Two hours later, all three of them were sitting on the floor, stunned and impressed by how prepared Brad was because the man had brought a record player and records.  

 

"How amazing would it be if skaters could skate to this!"  Yakov was pointing at the record wondering how he had gotten such amazing roommates.  They had paper cups of Gin, because evidently Gin was what Brad had somehow snuck in.

 

Seriously, Brad was the best roommate ever.

 

"It's all just classical, right? like … Mozart?"  Brad seemed really proud of himself that he remembered the name of a composer.

 

"Worse, if you're Russian, it's all just  Tchaikovsky because I swear my coach would have sex with that man's corpse."  

 

Either Brad and Jaques were as drunk as Yakov was, or just assumed it made more sense in Russian as all three of them laughed.

 

Three hours of drinking and talking later, suddenly Yakov sat up, "What is this!  This!" He was pointing at the record player, eyes wide.

 

"It's Johnny Cash.  Don't you have that back where you're from?"

 

"No.  Western music is banned."  

 

"Banned?"  Brad looked shocked.  About that point was when Yakov realized that Jaques had evidently passed out or fallen asleep at some point.

 

"Yeah -- my coach caught me with a record last year.  He made me do jumps for like hours the next morning. Hungover!"

 

"Coaches are the worst!"  

 

"I know!  See when I'm a coach, I'm going to be the cool coach, that's what I'm going to do.  I'm not going to yell at my students. I'm not going to make them do ballet camps. I'll let them skate to what they want to and not freak out every time I get a call from the police that a skater is passed out at some place."  Yakov almost spilled his cup of gin as he explained his plans.

 

"You want to coach?"

 

"Well, yeah, after I change skating!"  OK, maybe Yakov had had too much to drink.  "It's too serious.

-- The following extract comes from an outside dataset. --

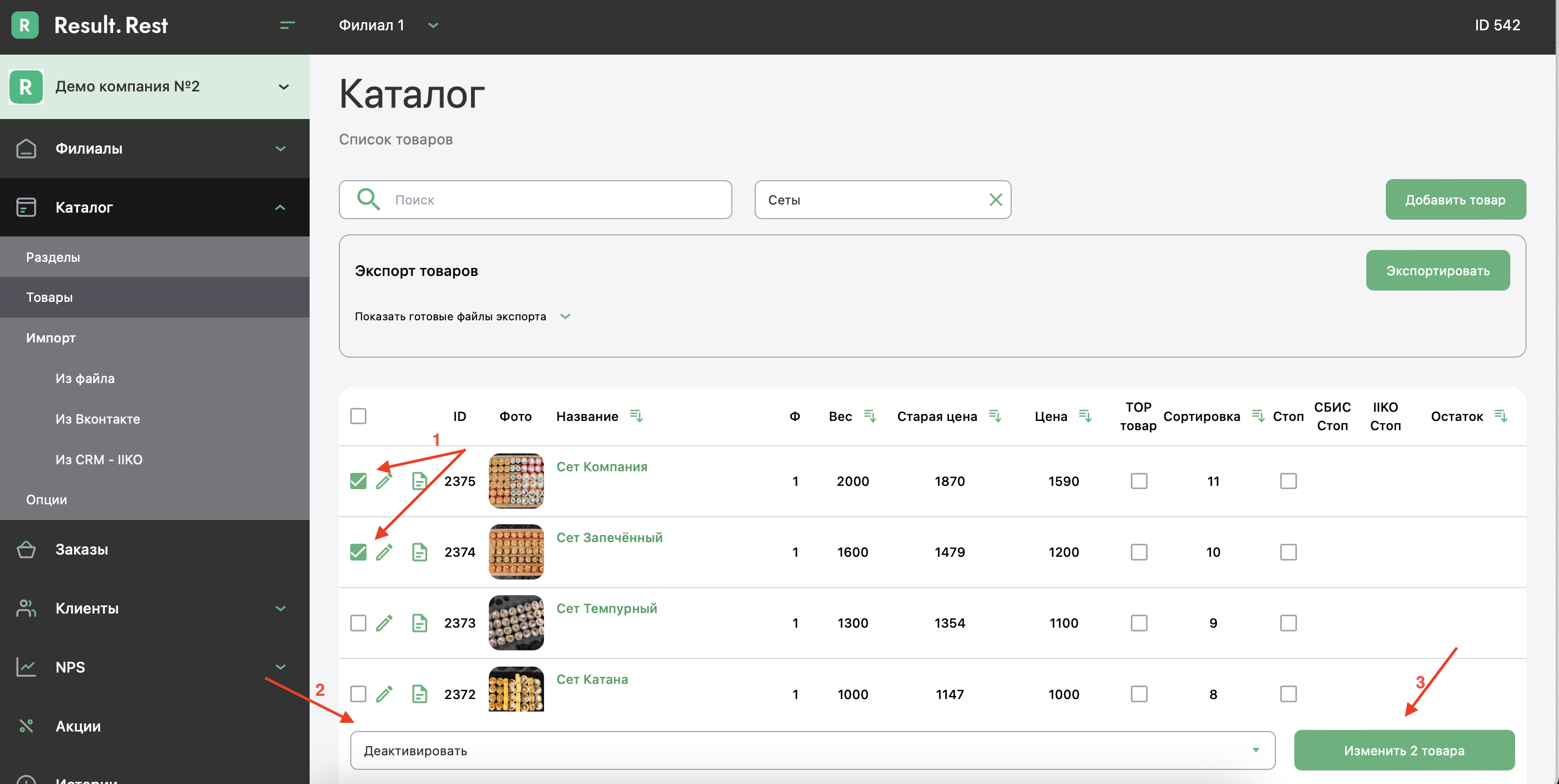 Нажать на чекбокс нужных позиций, в появившемся списке действий выбрать "Деактивировать" и нажать на кнопку "Изменить товар"

It needs …" He paused for much too long, thinking of the word he was looking for in English, but the gin was making it very hard.  " сверкание " … As if he realized that wasn't English, he tried again," " пышность"  Yes, that was definitely not English.  The closest he could finally come up with was, "Glitter!" 

 

Brad just laughed, his head falling back on his mattress as he sat on the floor -- not caring that the Canadian had already fallen asleep on his bed, "Glitter…"  That was the last word Brad would remember from the night, and Yakov wasn't far behind him, not managing to climb up to the top bunk, but instead falling asleep on the floor with a paper cup of Gin near his hand.

 

* * *

 

At some point in the night, Yakov woke up, his stomach a mess, but not as bad as he'd been other times.  Someone was really close to him though -- and he was on the floor. As he opened his eyes, he found himself staring into the prettiest blue eyes he had ever seen.  Smiling, assuming maybe things had gone well and somehow they had found some pretty girls -- then he realized, no. it was still just him, brad and jaques, and it was Jacques that was braced on his elbows looking down at him.

 

"You passed out."  The Canadian hadn't said much to this point, mostly just nodding and laughing along, and although Yakov had heard his accent before, this was his first moment to actually appreciate the  Québécois accent.  

 

"We drank a lot."  Yakov blinked, not sure why the other man was that close, or looking down at him like that.

 

"I heard what you said, about skating…"  The Canadian's tone remained soft.

 

"About skating?"  It was really hard to concentrate with such pretty eyes looking at him.

 

"Yes, about changing the sport and making it less … stuffy."  Jacques was smiling as he said it. "Because you're not … stuffy, right?"

 

"No…" Yakov was blinking, trying to figure out what was going on here.

 

"Good."  

 

At that moment, Yakov found himself kissing another man, but instead of Gin, Jacques' lips tasted like peppermint.  The Alpine skier's lips were soft but firm, pressing Yakov back into the floor for a moment before the man pulled back, smiling and then standing up to go and crawl up into his own top bunk.

 

Yakov would eventually realize that the Canadian had a tub of peppermint lip balm in his pocket at all times.  While the Olympics wouldn't last forever, the fact he kept peppermint lip balm in his own pocket from that day forward did.

  
  
**Love is a-** burnin **' thing**  
 **And it makes a fiery ring**  
 **Bound by wild desire**  
 **I fell into a ring of fire**  
  


 

**Notes for the Chapter:**

> AN - the Russian words are what happens when google tries to translate glitter for you.  Neither is right, the one is more sparkle and flashy while the other is more grandeur and pomp -- BOTH of which are things Yakov kinda means and Glitter is NOT exactly what he means at all.
> 
> kudos and comments are awesome   
> so are questions about any of the historical facts ;)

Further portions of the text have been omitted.